We’ll only stay an hour. I don’t like to impose any longer: the Misses Blythe are all very old. ”
“An hour sounds perfect.” I could be on my way home to London by lunchtime.
MY ROOM was tiny, a four-poster bed squatting greedily in the center, a narrow writing desk huddled beneath the leaded window and little besides, but the outlook was glorious.
The room was at the back of the farmhouse and the window opened out to look across the same meadow I’d glimpsed through the door downstairs.
The second story, however, offered a better view of the hill that climbed towards the castle, and above the woods I could just pick out the tower’s spire pointing at the sky.

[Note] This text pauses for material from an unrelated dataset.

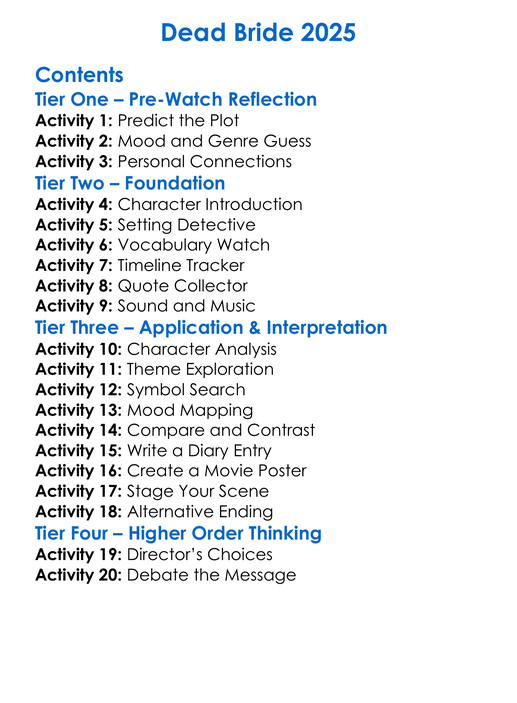 Dead Bride 2025 Worksheet Activity Booklet

On the desk someone had left a neatly folded plaid picnic blanket and a welcome basket filled with fruit.
The day was balmy and the grounds were beautiful, so I picked up a banana, pinned the blanket beneath my arm, and headed straight downstairs again with my new book, Raymond Blythe’s Milderhurst.
In the courtyard, jasmine sugared the air, great white sprays tumbling from the top of a wooden arbor at the side of the lawn.
Huge goldfish swam slowly near the surface of the pool, listing their plump bodies backwards and forwards to court the afternoon sun.
It was heavenly, but I didn’t stick around; a distant band of trees was calling to me and I wove my way towards it, through the meadow dusted with buttercups, self-sown amid the long grass.
Although it wasn’t quite summer, the day was warm, the air dry, and by the time I’d reached the trees my hairline was laced with perspiration.
I spread the rug in a patch of dappled light and kicked off my shoes.
Somewhere nearby a shallow brook chattered over stones and butterflies sailed the breeze.
The blanket smelled reassuringly of laundry flakes and squashed leaves, and when I sat down the tall meadow grasses enclosed me so I felt utterly alone.
I leaned Raymond Blythe’s Milderhurst against my bent knees and ran my hand over the cover.
It showed a series of black-and-white photos arranged at various angles, as if they’d dropped from someone’s hand and been photographed where they fell.
Beautiful children in old-fashioned dresses, long-ago picnics by a shimmering pool, a line of swimmers posing by the moat; the earnest gazes of people for whom capturing images on photographic paper was a type of magic.
I turned to the first page and began to read.